> _Work item_: Please give back only the lines below from the one containing "8. Stir-fry for" to the one containing "绳子艺术(LinePuzzl", each repeated word for word, both ends included.

> _Supplied material_:
.....
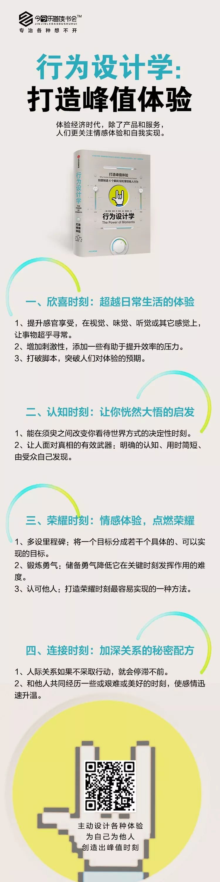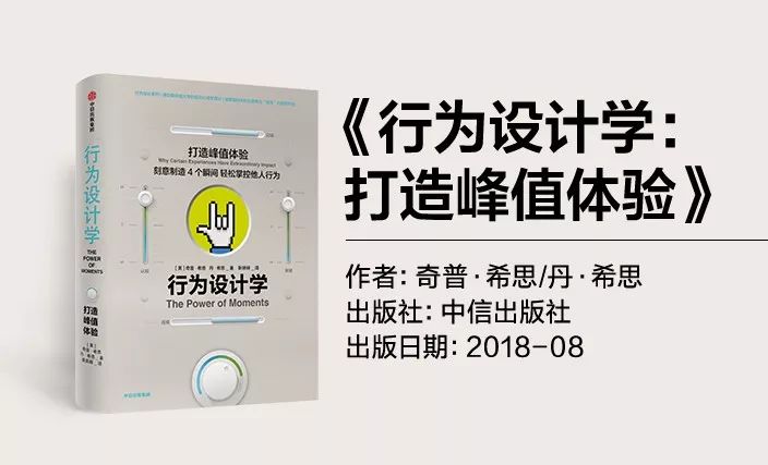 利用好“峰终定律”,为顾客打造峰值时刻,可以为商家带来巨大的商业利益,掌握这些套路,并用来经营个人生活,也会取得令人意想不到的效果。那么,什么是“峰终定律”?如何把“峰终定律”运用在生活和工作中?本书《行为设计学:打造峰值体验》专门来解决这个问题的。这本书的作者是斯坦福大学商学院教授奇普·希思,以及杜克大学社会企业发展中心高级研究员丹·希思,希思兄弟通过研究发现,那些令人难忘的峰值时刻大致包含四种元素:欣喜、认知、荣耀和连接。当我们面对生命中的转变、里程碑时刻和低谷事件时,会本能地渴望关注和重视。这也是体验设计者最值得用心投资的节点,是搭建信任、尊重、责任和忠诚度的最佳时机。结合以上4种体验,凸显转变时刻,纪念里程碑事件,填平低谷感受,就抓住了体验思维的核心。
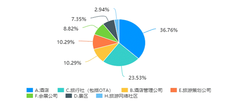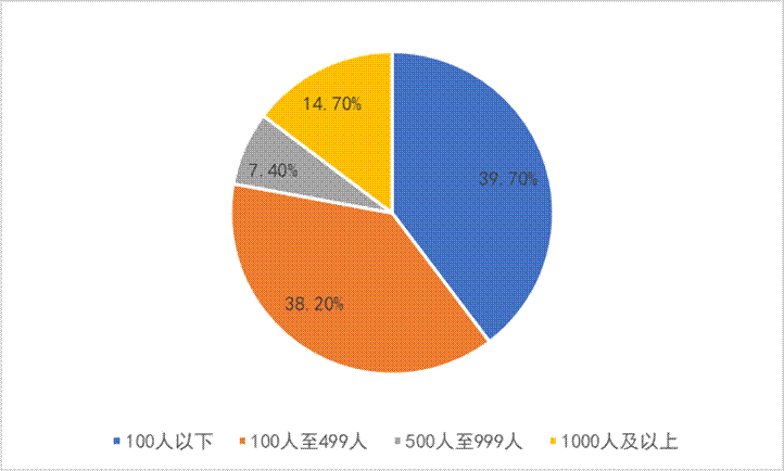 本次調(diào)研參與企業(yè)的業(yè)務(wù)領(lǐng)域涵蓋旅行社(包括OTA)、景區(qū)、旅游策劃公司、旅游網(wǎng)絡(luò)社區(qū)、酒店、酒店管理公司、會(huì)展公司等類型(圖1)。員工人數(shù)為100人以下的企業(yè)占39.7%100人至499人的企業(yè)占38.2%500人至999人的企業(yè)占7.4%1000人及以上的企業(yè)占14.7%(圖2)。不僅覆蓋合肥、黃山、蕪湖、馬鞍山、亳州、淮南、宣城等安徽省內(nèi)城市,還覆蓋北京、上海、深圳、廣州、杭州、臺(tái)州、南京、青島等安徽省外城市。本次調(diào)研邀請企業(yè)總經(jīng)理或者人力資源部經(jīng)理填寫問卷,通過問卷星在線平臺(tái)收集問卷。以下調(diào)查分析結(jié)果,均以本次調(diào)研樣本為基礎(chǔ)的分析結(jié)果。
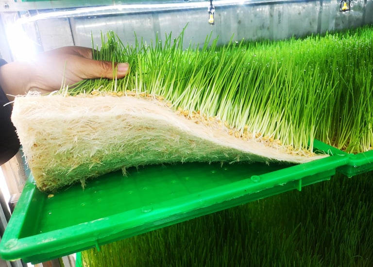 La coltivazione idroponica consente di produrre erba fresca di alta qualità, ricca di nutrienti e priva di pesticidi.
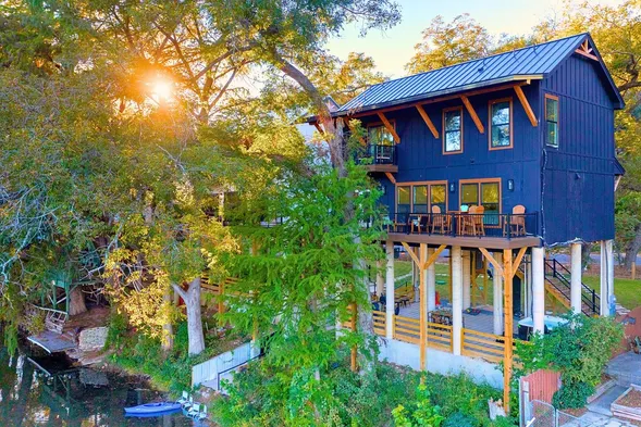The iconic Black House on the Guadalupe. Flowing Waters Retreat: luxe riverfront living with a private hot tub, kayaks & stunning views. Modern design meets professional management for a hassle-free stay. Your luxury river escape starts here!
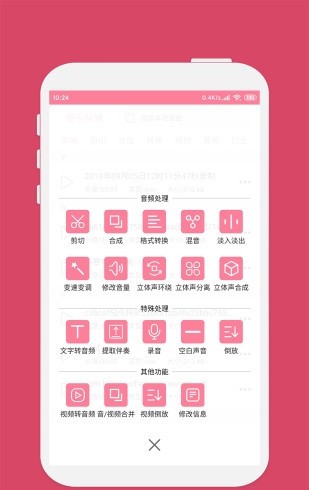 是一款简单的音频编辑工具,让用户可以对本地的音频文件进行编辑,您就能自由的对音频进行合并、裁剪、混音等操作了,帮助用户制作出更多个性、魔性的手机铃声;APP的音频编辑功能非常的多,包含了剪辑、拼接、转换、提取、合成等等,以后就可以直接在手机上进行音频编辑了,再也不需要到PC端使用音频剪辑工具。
.....
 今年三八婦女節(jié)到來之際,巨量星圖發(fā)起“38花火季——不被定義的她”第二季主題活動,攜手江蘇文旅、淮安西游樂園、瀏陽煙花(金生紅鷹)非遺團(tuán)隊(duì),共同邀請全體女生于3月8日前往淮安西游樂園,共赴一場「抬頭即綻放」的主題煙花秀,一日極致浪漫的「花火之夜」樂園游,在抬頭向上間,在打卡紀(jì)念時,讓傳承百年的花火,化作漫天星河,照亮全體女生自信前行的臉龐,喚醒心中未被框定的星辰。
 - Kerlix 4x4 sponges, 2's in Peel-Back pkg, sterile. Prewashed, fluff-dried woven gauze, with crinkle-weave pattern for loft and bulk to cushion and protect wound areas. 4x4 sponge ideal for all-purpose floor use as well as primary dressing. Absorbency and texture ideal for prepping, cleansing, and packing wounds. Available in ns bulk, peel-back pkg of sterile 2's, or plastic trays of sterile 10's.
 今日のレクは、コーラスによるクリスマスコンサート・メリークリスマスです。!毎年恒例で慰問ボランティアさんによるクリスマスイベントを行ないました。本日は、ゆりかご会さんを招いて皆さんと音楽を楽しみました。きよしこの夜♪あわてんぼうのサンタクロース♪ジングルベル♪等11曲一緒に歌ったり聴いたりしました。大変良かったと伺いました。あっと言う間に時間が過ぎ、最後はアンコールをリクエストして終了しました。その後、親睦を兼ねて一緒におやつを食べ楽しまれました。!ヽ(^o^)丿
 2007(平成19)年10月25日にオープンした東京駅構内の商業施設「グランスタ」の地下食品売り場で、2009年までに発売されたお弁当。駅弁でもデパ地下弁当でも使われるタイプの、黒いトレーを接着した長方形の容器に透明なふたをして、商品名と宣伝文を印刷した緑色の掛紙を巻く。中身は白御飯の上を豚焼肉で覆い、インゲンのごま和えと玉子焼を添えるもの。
.....
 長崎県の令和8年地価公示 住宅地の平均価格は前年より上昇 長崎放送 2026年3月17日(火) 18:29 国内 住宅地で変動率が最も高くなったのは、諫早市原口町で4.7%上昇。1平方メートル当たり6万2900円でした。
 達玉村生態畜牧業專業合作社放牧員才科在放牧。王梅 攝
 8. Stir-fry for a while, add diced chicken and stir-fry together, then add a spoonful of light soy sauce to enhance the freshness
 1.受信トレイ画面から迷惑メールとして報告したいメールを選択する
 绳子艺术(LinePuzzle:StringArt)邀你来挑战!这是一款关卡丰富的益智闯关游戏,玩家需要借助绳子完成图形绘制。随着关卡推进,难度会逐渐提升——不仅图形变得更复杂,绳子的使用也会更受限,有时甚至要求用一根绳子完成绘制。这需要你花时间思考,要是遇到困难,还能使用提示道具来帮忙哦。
.....
> _Answer box_:
 8. Stir-fry for a while, add diced chicken and stir-fry together, then add a spoonful of light soy sauce to enhance the freshness
 1.受信トレイ画面から迷惑メールとして報告したいメールを選択する
 绳子艺术(LinePuzzle:StringArt)邀你来挑战!这是一款关卡丰富的益智闯关游戏,玩家需要借助绳子完成图形绘制。随着关卡推进,难度会逐渐提升——不仅图形变得更复杂,绳子的使用也会更受限,有时甚至要求用一根绳子完成绘制。这需要你花时间思考,要是遇到困难,还能使用提示道具来帮忙哦。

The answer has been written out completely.